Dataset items
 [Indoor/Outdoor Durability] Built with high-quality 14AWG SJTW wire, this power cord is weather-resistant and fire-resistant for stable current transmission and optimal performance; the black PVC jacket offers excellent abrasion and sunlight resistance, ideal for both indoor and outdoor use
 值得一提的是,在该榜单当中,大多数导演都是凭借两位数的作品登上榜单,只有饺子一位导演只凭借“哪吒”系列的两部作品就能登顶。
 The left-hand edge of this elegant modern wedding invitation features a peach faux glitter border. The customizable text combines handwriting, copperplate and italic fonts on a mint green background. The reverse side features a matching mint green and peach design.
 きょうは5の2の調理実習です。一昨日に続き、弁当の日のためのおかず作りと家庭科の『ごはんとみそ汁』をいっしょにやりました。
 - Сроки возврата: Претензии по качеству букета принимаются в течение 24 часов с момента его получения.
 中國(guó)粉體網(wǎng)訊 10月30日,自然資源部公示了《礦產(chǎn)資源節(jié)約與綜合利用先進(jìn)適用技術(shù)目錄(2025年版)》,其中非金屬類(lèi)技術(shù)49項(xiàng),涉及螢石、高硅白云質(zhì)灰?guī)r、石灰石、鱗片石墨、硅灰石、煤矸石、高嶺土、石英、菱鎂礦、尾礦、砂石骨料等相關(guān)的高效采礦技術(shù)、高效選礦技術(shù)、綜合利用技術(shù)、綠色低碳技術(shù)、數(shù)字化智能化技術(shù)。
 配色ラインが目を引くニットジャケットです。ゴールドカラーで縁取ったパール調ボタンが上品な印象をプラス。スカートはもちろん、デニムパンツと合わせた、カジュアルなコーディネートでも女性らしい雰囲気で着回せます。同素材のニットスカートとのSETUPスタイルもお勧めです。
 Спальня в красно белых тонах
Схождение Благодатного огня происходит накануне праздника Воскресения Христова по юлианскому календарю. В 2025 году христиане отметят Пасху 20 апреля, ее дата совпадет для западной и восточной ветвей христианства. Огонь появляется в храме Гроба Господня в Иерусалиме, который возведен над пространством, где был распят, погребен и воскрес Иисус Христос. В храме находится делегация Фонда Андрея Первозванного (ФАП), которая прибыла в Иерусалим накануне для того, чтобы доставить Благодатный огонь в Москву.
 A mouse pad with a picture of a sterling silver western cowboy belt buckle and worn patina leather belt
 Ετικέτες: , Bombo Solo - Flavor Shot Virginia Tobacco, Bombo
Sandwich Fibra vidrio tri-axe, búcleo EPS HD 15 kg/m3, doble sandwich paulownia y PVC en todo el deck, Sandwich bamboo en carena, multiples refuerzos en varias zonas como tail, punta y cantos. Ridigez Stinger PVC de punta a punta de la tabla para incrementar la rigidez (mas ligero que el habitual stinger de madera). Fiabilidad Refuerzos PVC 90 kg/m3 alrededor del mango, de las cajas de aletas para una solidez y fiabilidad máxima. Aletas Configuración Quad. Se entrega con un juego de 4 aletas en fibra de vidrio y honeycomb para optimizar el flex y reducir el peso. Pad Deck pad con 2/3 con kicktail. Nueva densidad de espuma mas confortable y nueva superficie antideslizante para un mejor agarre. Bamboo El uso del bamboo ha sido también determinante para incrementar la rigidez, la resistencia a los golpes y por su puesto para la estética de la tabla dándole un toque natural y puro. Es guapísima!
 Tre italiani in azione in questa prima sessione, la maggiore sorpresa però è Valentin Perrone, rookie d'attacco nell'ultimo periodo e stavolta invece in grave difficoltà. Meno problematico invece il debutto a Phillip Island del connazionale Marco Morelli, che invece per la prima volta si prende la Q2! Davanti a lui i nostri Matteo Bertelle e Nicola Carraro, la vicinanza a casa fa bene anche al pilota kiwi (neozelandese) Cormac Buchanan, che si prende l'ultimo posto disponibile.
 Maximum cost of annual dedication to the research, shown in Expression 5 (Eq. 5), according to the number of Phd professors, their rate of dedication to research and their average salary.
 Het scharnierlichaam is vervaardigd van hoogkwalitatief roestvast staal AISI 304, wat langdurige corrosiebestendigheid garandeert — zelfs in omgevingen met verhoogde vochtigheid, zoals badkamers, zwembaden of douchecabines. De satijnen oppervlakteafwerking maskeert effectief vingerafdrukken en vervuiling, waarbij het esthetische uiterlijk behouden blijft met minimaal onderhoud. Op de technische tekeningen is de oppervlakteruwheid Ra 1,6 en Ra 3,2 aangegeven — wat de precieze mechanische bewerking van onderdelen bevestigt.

**WHAT YOU WILL DO**
Lines with the string "this": say how many appear in the entries above, giving the number alone.

**WRITTEN RESPONSE**
2